**DATA**
▬▬▬
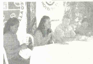
ASPECTO DE LA RUEDA DE PRENSA EN LAS INSTALACIONES DEL ZOOLOGICO.

Las Asartesanas recogen y procesan bolsas plásticas usadas para tejer con ellas hermosos bolsos, con los cuales mejoran sus ingresos, ayudan a limpiar el medio ambiente y tienen una opción de trabajo distinto a la caza y venta de este primate. Para apoyar en esta importante iniciativa, la Fundación Botánica y Zoológica de Barranquilla y la Fundación Proyecto Tití, han diseñado en el marco de la celebración nacional del Día del Tití (15 de agosto), este concurso entre colegios con el propósito de ayudar en la consecución de este insumo indispensable en la elaboración de sus productos. Los colegios interesados en participar en esta importante campaña ambiental, podrán inscribirse en el sitio web:
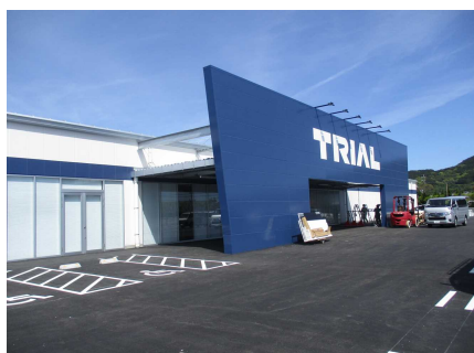
(仮称) TRIAL日向日知屋店
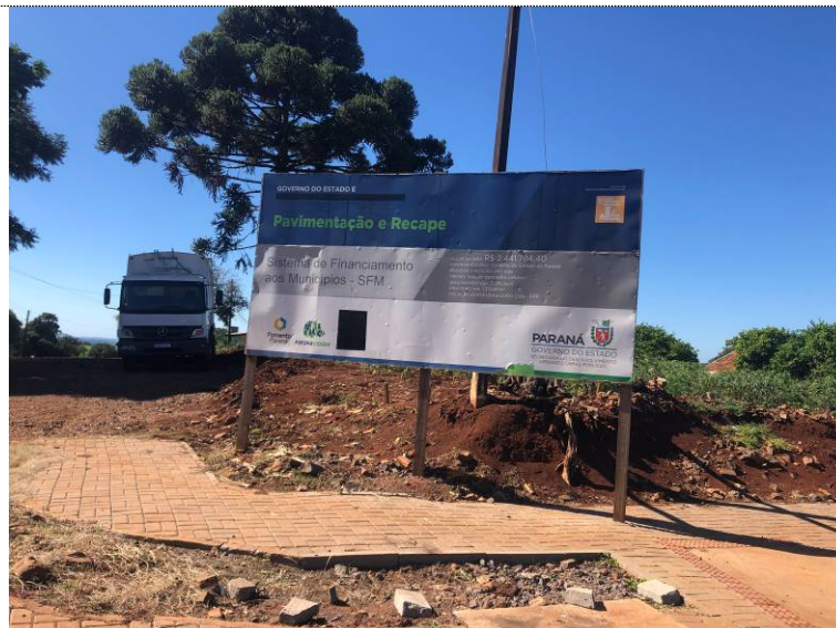
1 – Placa da obra
▬▬▬
**TASK INSTRUCTIONS**
Drop the pictures and set down the data above exactly.

**RESULT FOR THIS TASK**
ASPECTO DE LA RUEDA DE PRENSA EN LAS INSTALACIONES DEL ZOOLOGICO.

Las Asartesanas recogen y procesan bolsas plásticas usadas para tejer con ellas hermosos bolsos, con los cuales mejoran sus ingresos, ayudan a limpiar el medio ambiente y tienen una opción de trabajo distinto a la caza y venta de este primate. Para apoyar en esta importante iniciativa, la Fundación Botánica y Zoológica de Barranquilla y la Fundación Proyecto Tití, han diseñado en el marco de la celebración nacional del Día del Tití (15 de agosto), este concurso entre colegios con el propósito de ayudar en la consecución de este insumo indispensable en la elaboración de sus productos. Los colegios interesados en participar en esta importante campaña ambiental, podrán inscribirse en el sitio web:
(仮称) TRIAL日向日知屋店
1 – Placa da obra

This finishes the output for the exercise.